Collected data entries
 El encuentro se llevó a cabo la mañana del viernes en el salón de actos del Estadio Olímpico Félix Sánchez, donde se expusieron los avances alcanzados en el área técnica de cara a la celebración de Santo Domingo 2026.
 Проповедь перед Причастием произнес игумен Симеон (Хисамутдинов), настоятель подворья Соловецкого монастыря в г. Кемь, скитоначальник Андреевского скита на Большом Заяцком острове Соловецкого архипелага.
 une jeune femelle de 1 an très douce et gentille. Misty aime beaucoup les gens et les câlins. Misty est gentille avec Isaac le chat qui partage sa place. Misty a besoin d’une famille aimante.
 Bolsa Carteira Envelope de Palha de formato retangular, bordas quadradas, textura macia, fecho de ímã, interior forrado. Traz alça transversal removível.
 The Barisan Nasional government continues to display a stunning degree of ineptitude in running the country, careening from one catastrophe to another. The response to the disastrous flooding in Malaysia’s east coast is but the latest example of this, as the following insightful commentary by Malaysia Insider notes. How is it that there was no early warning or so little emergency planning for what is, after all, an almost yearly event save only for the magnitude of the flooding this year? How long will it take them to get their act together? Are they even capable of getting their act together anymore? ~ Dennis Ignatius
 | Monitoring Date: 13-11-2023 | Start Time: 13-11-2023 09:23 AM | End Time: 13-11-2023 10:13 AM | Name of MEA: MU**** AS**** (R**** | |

Problem statement: All lines from the one with "The Barisan Nasional" through the end of the data must be repeated exactly, and nothing else may be repeated.

Exercise answer:
 The Barisan Nasional government continues to display a stunning degree of ineptitude in running the country, careening from one catastrophe to another. The response to the disastrous flooding in Malaysia’s east coast is but the latest example of this, as the following insightful commentary by Malaysia Insider notes. How is it that there was no early warning or so little emergency planning for what is, after all, an almost yearly event save only for the magnitude of the flooding this year? How long will it take them to get their act together? Are they even capable of getting their act together anymore? ~ Dennis Ignatius
 | Monitoring Date: 13-11-2023 | Start Time: 13-11-2023 09:23 AM | End Time: 13-11-2023 10:13 AM | Name of MEA: MU**** AS**** (R**** | |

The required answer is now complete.